▸ PROBLEM DESCRIPTION
Apart from the images, the entire listing below must be restated word for word.

[DATA SECTION]

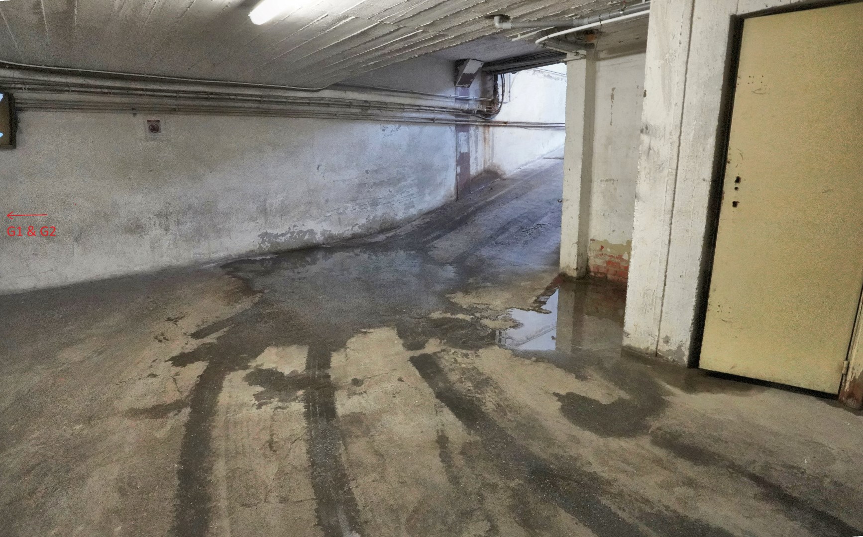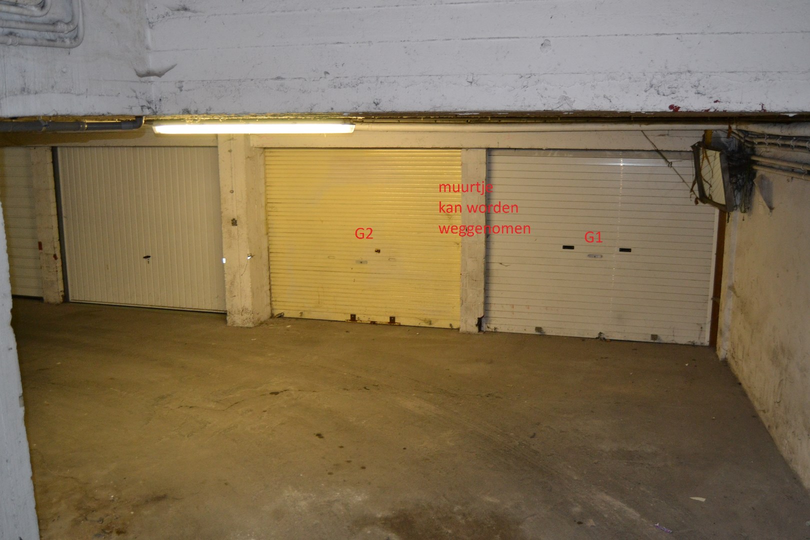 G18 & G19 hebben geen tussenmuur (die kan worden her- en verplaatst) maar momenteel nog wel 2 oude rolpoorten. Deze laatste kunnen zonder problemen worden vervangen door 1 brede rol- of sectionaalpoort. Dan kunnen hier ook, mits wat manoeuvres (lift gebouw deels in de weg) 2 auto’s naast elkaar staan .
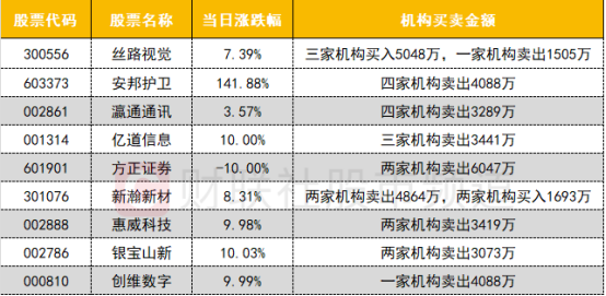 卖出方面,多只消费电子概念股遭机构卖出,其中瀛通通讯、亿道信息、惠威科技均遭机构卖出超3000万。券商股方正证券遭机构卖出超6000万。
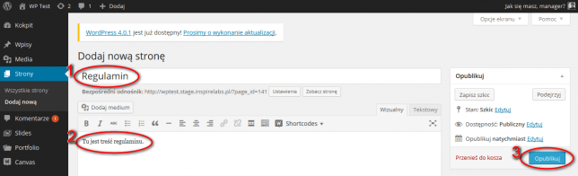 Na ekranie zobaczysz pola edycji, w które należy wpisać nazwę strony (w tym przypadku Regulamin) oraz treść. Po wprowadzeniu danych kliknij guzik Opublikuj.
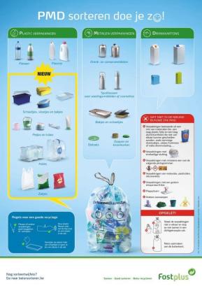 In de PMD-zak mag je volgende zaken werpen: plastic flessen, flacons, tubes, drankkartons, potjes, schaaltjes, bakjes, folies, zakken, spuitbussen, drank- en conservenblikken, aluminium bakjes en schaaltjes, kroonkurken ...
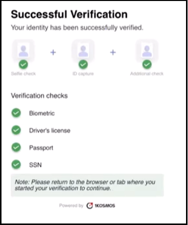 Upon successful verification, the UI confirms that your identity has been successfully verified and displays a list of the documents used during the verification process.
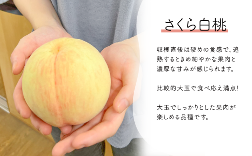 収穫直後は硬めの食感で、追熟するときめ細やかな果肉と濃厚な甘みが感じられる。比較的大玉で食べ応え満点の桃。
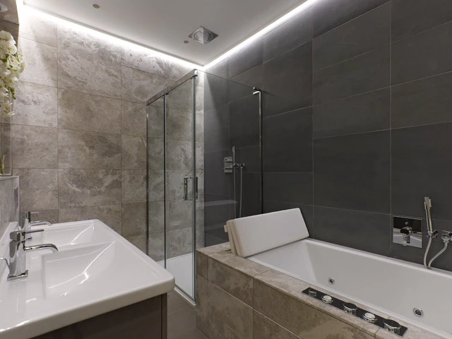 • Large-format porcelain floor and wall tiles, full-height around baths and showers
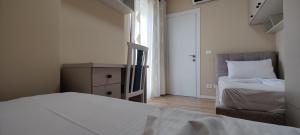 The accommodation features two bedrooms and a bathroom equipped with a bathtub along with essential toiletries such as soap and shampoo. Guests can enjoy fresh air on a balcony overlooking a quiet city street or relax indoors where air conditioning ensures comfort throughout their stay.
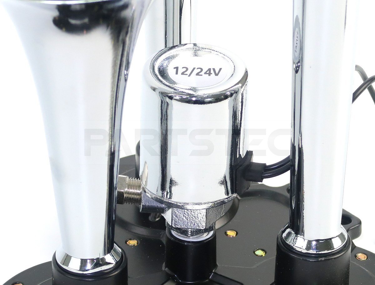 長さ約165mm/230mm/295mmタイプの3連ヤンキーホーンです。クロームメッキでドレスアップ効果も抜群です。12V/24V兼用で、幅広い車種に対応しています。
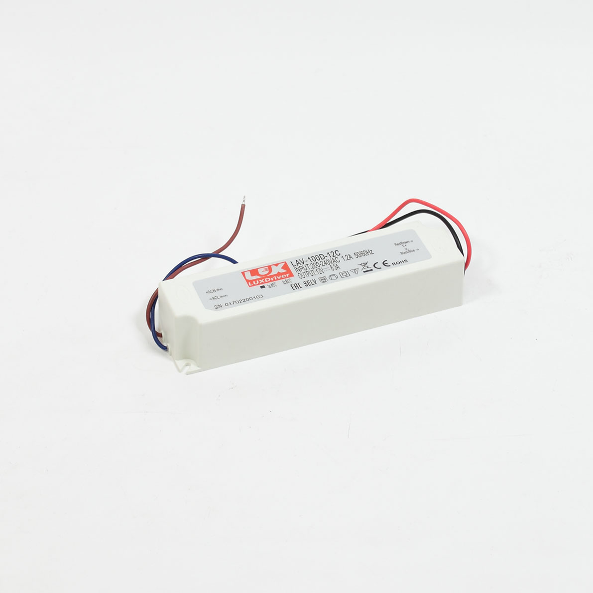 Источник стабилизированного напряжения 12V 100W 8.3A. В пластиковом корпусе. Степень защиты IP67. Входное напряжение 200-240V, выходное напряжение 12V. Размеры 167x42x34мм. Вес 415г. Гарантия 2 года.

[/DATA SECTION]

▸ RESPONSE AREA
 G18 & G19 hebben geen tussenmuur (die kan worden her- en verplaatst) maar momenteel nog wel 2 oude rolpoorten. Deze laatste kunnen zonder problemen worden vervangen door 1 brede rol- of sectionaalpoort. Dan kunnen hier ook, mits wat manoeuvres (lift gebouw deels in de weg) 2 auto’s naast elkaar staan .
 卖出方面,多只消费电子概念股遭机构卖出,其中瀛通通讯、亿道信息、惠威科技均遭机构卖出超3000万。券商股方正证券遭机构卖出超6000万。
 Na ekranie zobaczysz pola edycji, w które należy wpisać nazwę strony (w tym przypadku Regulamin) oraz treść. Po wprowadzeniu danych kliknij guzik Opublikuj.
 In de PMD-zak mag je volgende zaken werpen: plastic flessen, flacons, tubes, drankkartons, potjes, schaaltjes, bakjes, folies, zakken, spuitbussen, drank- en conservenblikken, aluminium bakjes en schaaltjes, kroonkurken ...
 Upon successful verification, the UI confirms that your identity has been successfully verified and displays a list of the documents used during the verification process.
 収穫直後は硬めの食感で、追熟するときめ細やかな果肉と濃厚な甘みが感じられる。比較的大玉で食べ応え満点の桃。
 • Large-format porcelain floor and wall tiles, full-height around baths and showers
 The accommodation features two bedrooms and a bathroom equipped with a bathtub along with essential toiletries such as soap and shampoo. Guests can enjoy fresh air on a balcony overlooking a quiet city street or relax indoors where air conditioning ensures comfort throughout their stay.
 長さ約165mm/230mm/295mmタイプの3連ヤンキーホーンです。クロームメッキでドレスアップ効果も抜群です。12V/24V兼用で、幅広い車種に対応しています。
 Источник стабилизированного напряжения 12V 100W 8.3A. В пластиковом корпусе. Степень защиты IP67. Входное напряжение 200-240V, выходное напряжение 12V. Размеры 167x42x34мм. Вес 415г. Гарантия 2 года.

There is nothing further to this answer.